# What you need to do
Only the lines below from the one containing "Konieczna jest naprawa" through the one containing "Fot. 2. Cerkiew w Puławach w 1917 r." belong in the answer, repeated exactly and without pictures.

(Dataset excerpts)
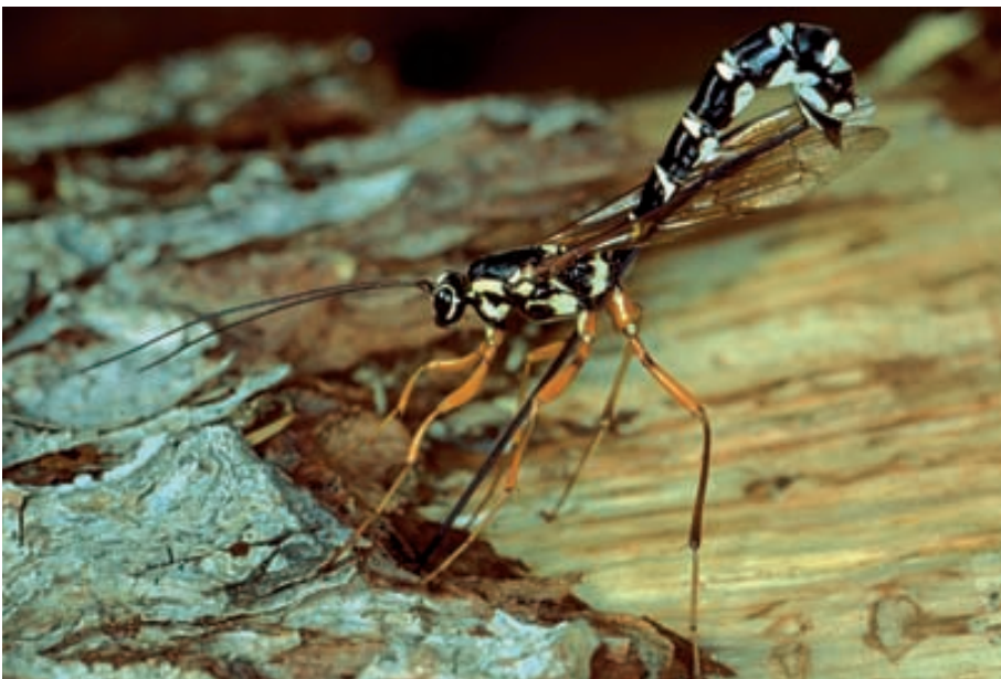
Abb. 11. Die Riesenschlupfwespe ( Rhyssa persuasoria ) ist einer unserer grössten Hautflügler. Sie treibt ihren langen, dünnen Legestachel (zwischen den Mittelbeinen sichtbar) ins Holz und belegt Larven von Holzwespen (vgl. Abb. 23) mit einem Ei. Die schlüpfende, parasitische Larve frisst ihren Wirt allmählich auf.

beispielsweise die Fichtenböcke ( Tetropium ) oder die grossen Monochamus -Arten. Bereits trockeneres Nadelholz wird von den Scheibenböcken ( Callidium , Phymatodes ) bevorzugt. Diese schlüpfen bisweilen aus in Wohnräumen gelagertem Brennholz aus. Glänzende Kleinode sind die Prachtkäfer. Die oft an Holzzäunen sichtbaren, geschlängelten und scharf geschnittenen Frassgänge sind das Werk ihrer Larven. Auch auf Holzlagern sind sie regelmässig anzutreffen. Typische Laubholzbesiedler sind die wespenartig gezeichneten Widder- oder Wespenböcke ( Chlorophorus , Clytus , Xylotrechus ) oder die schillernden Moschusböcke ( Aromia moschata ) und Lindenprachtkäfer ( Scintillatrix rutilans ). Die kleineren Hals- und Schmalböcke ( Anastrangalia , Corymbia , Leptura , Stenurella ) sitzen häufig auf farbigen Blüten, wo sie den für die Geschlechtsreife benötigten Pollen fressen. Die Zangenböcke ( Rhagium ) verpuppen sich nach der zweijährigen Entwicklung in typischen ovalen «Wiegen» aus Holzspänen unter der Rinde von Nadel- oder Laubbäumen. Beim Ablösen alter Rinde deuten diese Spanwiegen noch lange auf ihre Erzeuger hin. Ein besonders schöner, sehr seltener Laubholz-Bockkäfer, der Alpenbock ( Rosalia alpina ), entwickelt sich in alten, verpilzten Buchenstämmen. Er ist in ganz Europa geschützt und gilt in den Ländern, wo er noch vorkommt, als vom Aussterben bedroht. Eine der grössten Populationen in der Schweiz lebt im unteren Prättigau, wobei vereinzelte Käfer bis ins Gebiet des
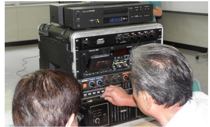
カラオケ操作盤の操作光景
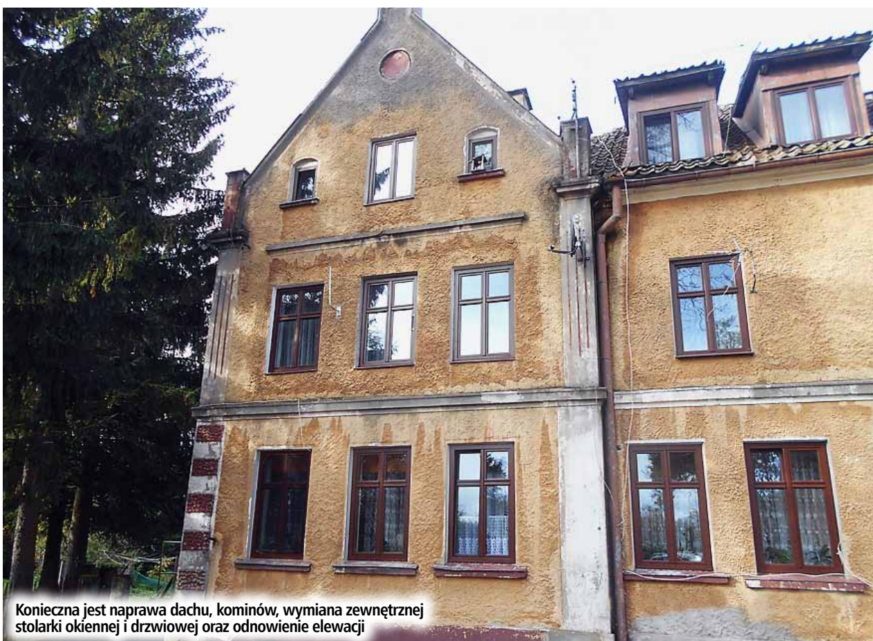
Konieczna jest naprawa dachu, kominów, wymiana zewnętrznej stolarki okiennej i drzwiowej oraz odnowienie elewacji

osoby starsze, schorwane, niepełnosprawne, korzystające w dużej mierze z pomocy gminnego ośrodka pomocy społecznej.
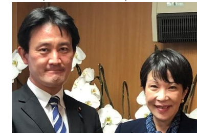
高市政調会長と経済対策！
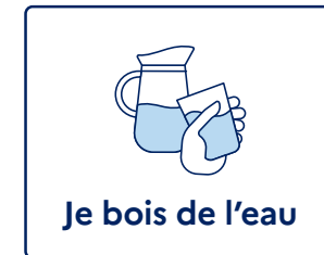
Je bois de l'eau
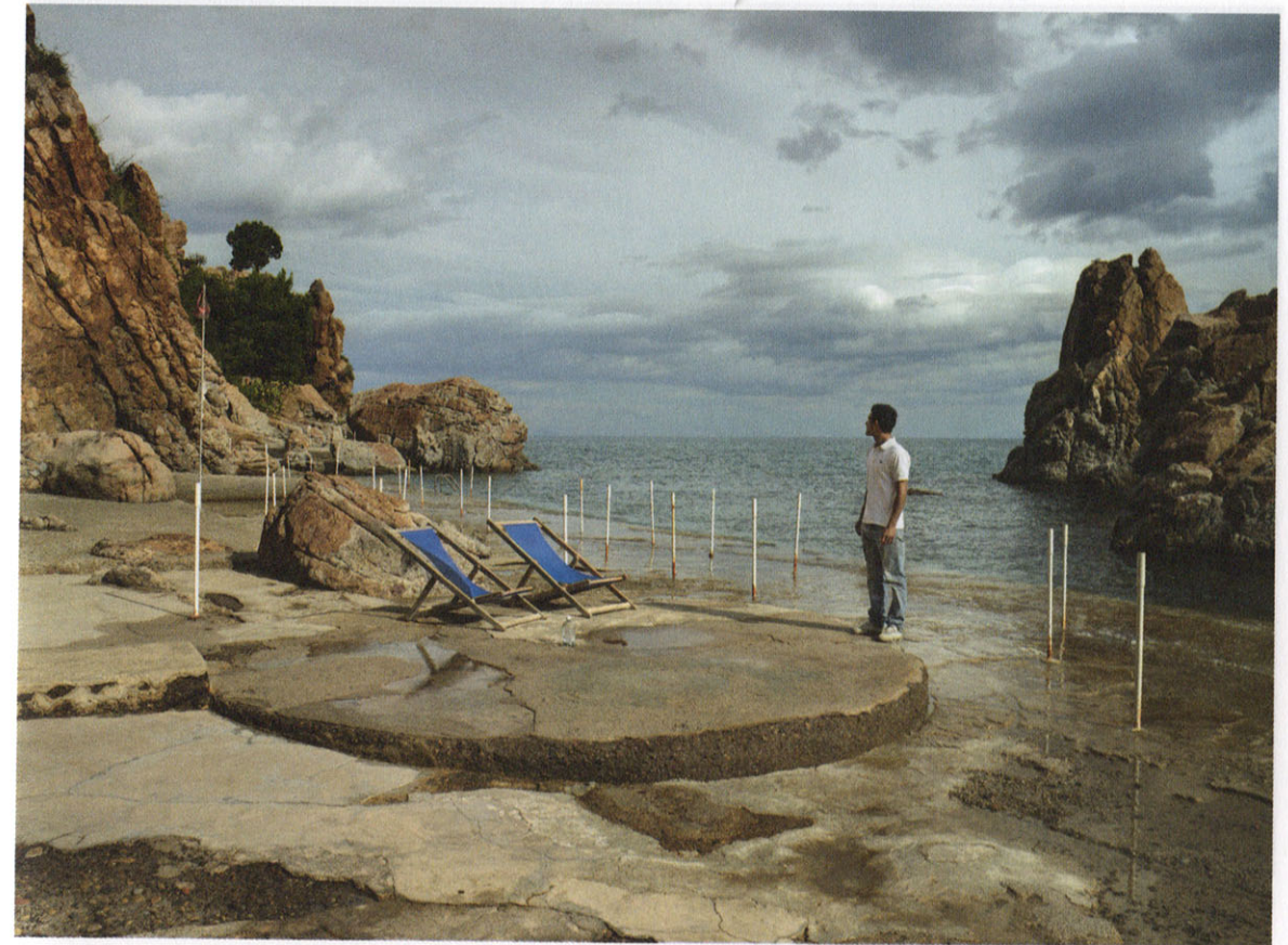
Carl De Keyzer, Cefalù, Italië, uit het boek Moments before the Flood (Lannoo, 2012). Zie het artikel op p. 108 e.v.

"IN HET MUSEUM VAN CHICAGO" VAN HUGO CLAUS
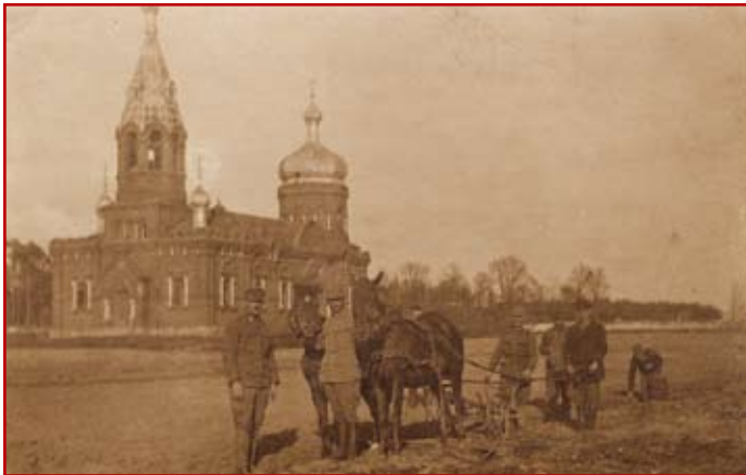
Fot. 2. Cerkiew w Puławach w 1917 r.

Po przybyciu do Puław we wrześniu 1921 r. 2 Pułku Saperów Kaniowskich pod dowództwem mjr Artura Górskiego przystąpiono do przebudowy cerkwi. Od 25 października 1921 r. dotychczasowa cerkiew stała się katolickim kościołem garnizonu pod wezwaniem Zmartwychwstania Pańskiego. Z wnętrza obiektu usunięty został ikonostas, a na jego miejscu powstał ołtarz i ambona. Obcięto poprzeczki z krzyży prawosławnych, przekształcając je na katolickie krzyże, doszło do zmiany sterczyn, które pierwotnie były zwieńczone kopułami – zlikwidowano je.
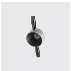
P-8215 Ebavureur de tube pour tube mm: 63 - 110, ID unique: P8215 76-1-108, SKU 145502710

# Expected answer
Konieczna jest naprawa dachu, kominów, wymiana zewnętrznej stolarki okiennej i drzwiowej oraz odnowienie elewacji

osoby starsze, schorwane, niepełnosprawne, korzystające w dużej mierze z pomocy gminnego ośrodka pomocy społecznej.
高市政調会長と経済対策！
Je bois de l'eau
Carl De Keyzer, Cefalù, Italië, uit het boek Moments before the Flood (Lannoo, 2012). Zie het artikel op p. 108 e.v.

"IN HET MUSEUM VAN CHICAGO" VAN HUGO CLAUS
Fot. 2. Cerkiew w Puławach w 1917 r.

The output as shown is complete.